A striking active prominence issues from the big sunspot group 1305 as it approached the western limb of the sun last Thursday. Prominences are towering flames of incandescent hydrogen gas many thousands of miles long often associated with sunspot groups. Credit: John Chumack
A beautiful, bright sun shines outside my window this morning. It was preceded by the setting moon and the onset of dawn, both of which I saw while hunting for Comet Elenin. In the briefest of intervals, I watched the sky go dark around 5:45 a.m. and then the lights slowly come back up with twilight after six. Try as I might however, I couldn’t convince myself of seeing the comet through the big 15-inch scope. Maybe there was a bit of fuzz there, maybe not. I used low power, medium power and even the power of imagination but nothing I tried convinced me Elenin was there. I’ll be out again around the 23rd or 24th when conditions will be much better. Until then, happy trails Comet E!

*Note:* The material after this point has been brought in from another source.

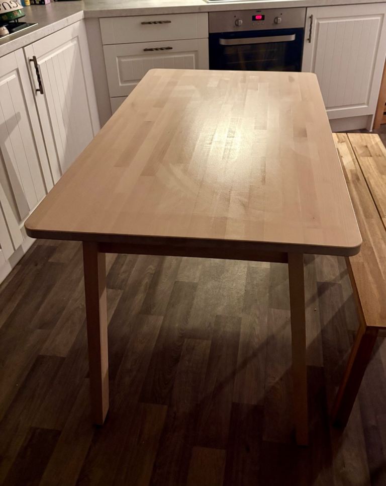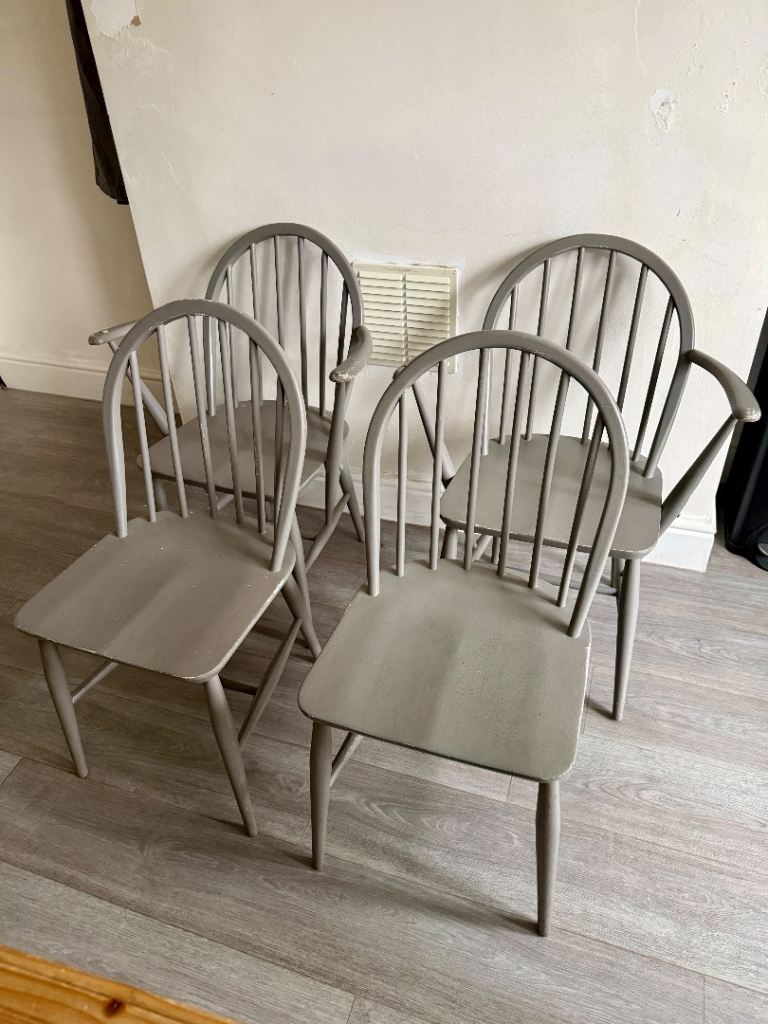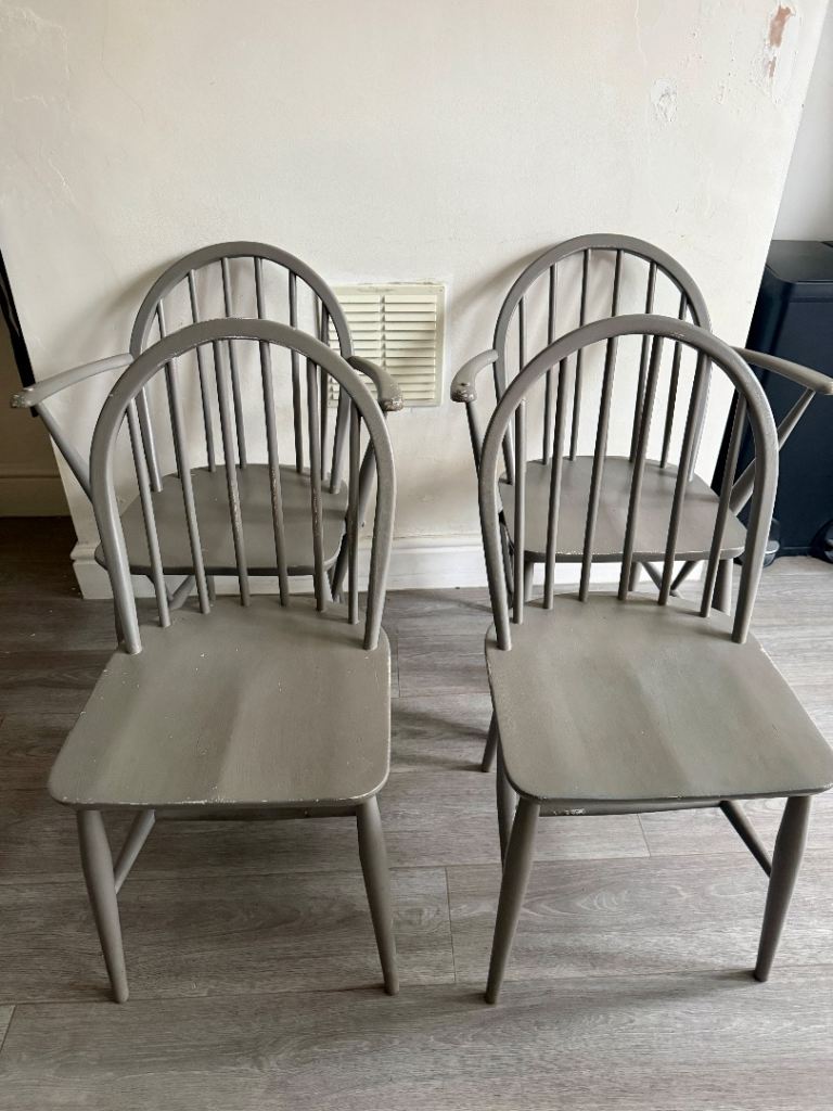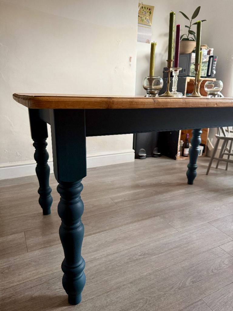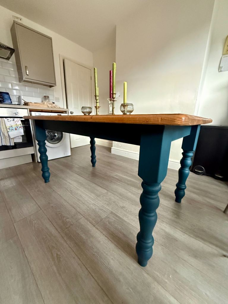 Stunning farmhouse style dining table. Seats 6 very comfortably, 8 if you need it to. Selling along with four very sturdy chairs that are great for an upcycle.

Comet Hartley 2 photographed by the Deep Space/EPOXI spacecraft in 2010. Credit: NASA
Last week European astronomers using the Herschel Space Observatory announced they’d found water in Comet Hartley 2 with almost the same composition of water found in the Earth’s oceans. You might remember Hartley 2 which passed near Earth in October 2010 and became faintly visible with the naked eye for a time. It was also the target of a close flyby by the Deep Impact mission a month later.
The question of where our planet got all its water has been hotly debated. The Earth grew over a period of 1-200 million years 4.3-4.5 billion years from the accumulation of millions of meteorites and asteroids. Heat arising from all that impacting material and the decay of radioactive elements (which release heat energy) melted our little globe, causing the heavier metals like iron and nickel to sink to the core with lighter rocks floating to the top to form the planet’s crust. Our world was once a glowing ball of hot magma – not exactly the kind of place you’d find water sloshing about.
That’s why scientists believe the water that’s now so plentiful and makes our world so distinctive had to be ‘delivered’ later after things cooled down. Since comets are composed largely of water ice and there are billions of them – especially in the early solar system when there was so much more ‘junk’ around – they seemed the perfect choice as a delivery mechanism to quench our planet’s thirst.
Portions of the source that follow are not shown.